Der Garten, eigentlich als Oase der Erholung gedacht, wird zum Schlachtfeld gegen die Natur. Löwenzahn gilt als Staatsfeind Nr. 1, Moos ist der Taliban des Rasens. Und wehe, der Nachbar mäht zehn Minuten nach Ihnen... das ist ein Affront, eine Herausforderung. Es fehlt nur noch die diplomatische Note auf dem Komposthaufen, der selbstverständlich von einer Horde kunstvoll bemalter Gartenzwerge bewacht wird. Doch kaum ist die letzte Buchsbaumzelle zurechtgestutzt, wirft sich derselbe Mensch in eine zu enge Badehose mit Anker-Print und ruft freudig: Ab ins Freibad! Dort begegnet uns der zweite Archetyp des Juni-Menschen: der sonnenverbrannte Badelatschen-Existenzialist. Schon ab 19 Grad Außentemperatur werden Liegen belagert wie Brückentage im Kalender. Die deutsche Familie rückt an. Mit Picknickdecke, Melone, Wassermelone, noch mehr Melone, und einer Tupperdose, die aussieht wie ein Waffenarsenal voller Buletten.
Die Freibadordnung wird ausgelegt wie die Verfassung eines Kleinstaates. "Nicht vom Beckenrand springen" heißt in Wirklichkeit: "Mach einen Köpper, aber tu so, als wär's ein Unfall." Und die Dusche vor dem Schwimmen wird gerne nur als unverbindliche Empfehlung gesehen.
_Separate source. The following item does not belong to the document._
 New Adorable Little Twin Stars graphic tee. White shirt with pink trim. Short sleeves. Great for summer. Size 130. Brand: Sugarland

So ist Fußpilz manchmal das kleinste Übel, dass da mit dem Badegast ins Wasser steigt. Dass sind Momente, in denen man die Chlorzufuhr gerne leicht erhöhen würde.
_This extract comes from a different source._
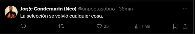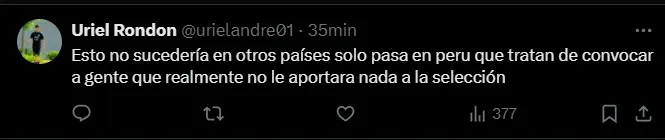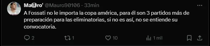 "La selección se volvió cualquier cosa", "A Fossati no le importa la Copa América, para él son 3 partidos más de preparación para las Eliminatorias, si no es así, no se entiende su convocatoria", "Despues nos preguntamos porque no hay mas cuando llevan a jugadores sin equipo y que no han jugado un partido en el 2024", "Esto no sucedería en otros países solo pasa en Perú que tratan de convocar a gente que realmente no le aportara nada a la selección" y "De perder Perú sus 3 partidos de la Copa América, que es lo más probable, no habrá necesidad que la FPF despida al Nono, el mismo Fossati renunciará"; son algunos de los comentarios más llamativos
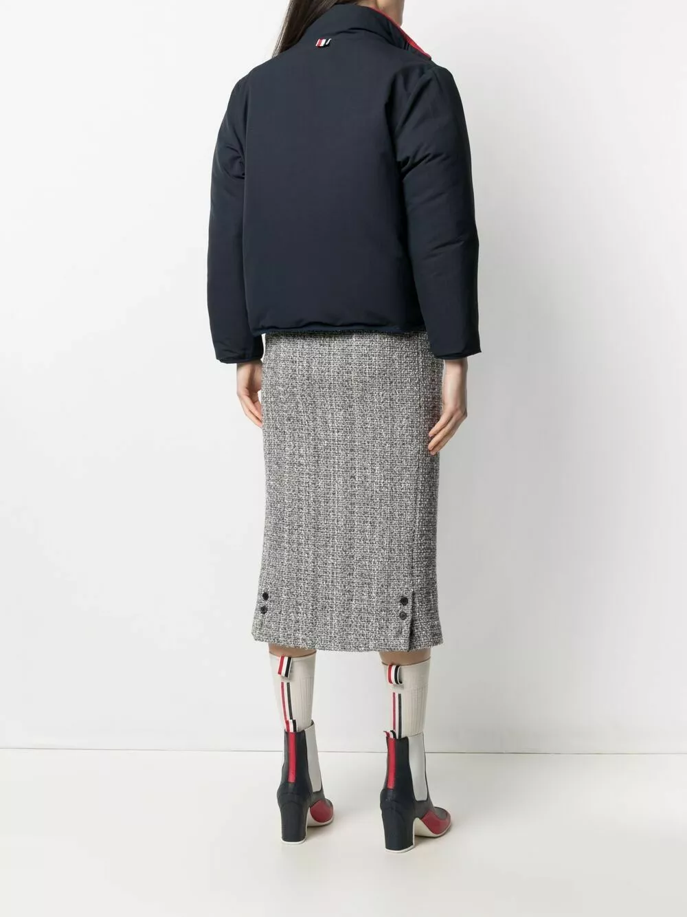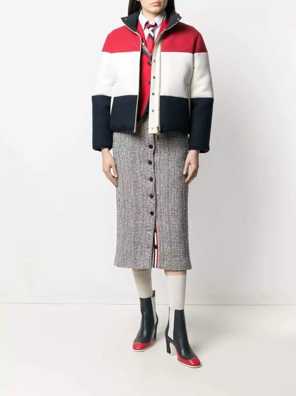 Leave no one in doubt where your latest puffer jacket is from. In signature shades of red, white and blue, it’s obvious that this is a Thom Browne design. Where else?

Erst schwitzt man im Garten, um dann im Freibad zu frieren. Man schneidet Hecken, die man hasst, und liegt neben Menschen, die man nicht kennt, aber aufgrund ihrer Bluetooth-Box nun musikalisch sehr gut einzuschätzen weiß. (Schlager-Techno-Remix 2022. Schlimmer als Moos.)
Aber so ist der Juni. Eine Mischung aus Sonnencreme, Giersch und Gruppendusche. Und während wir in Badelatschen durchs Leben stolpern, bleibt nur ein Trost: Der Rasen wächst nach, aber die Freibadpommes - die bleiben für immer im Herzen.
Ich jedenfalls genieße den Nachmittag am Beckenrand mit einer gemischten Tüte voller Kindheitserinnerungen und hole mir am Abend einen Aufsitzrasenmäher aus dem Baumarkt meines Vertrauens. So kann ich die Grünfläche meiner 87 qm große Ländereien hinter dem Haus auf die vorschriftsmäßige Länge stutzen, und im Anschluss wie ein Cowboy Richtung Sonnenuntergang fahren. Neben mir ein Gartenzwerg in Badehose.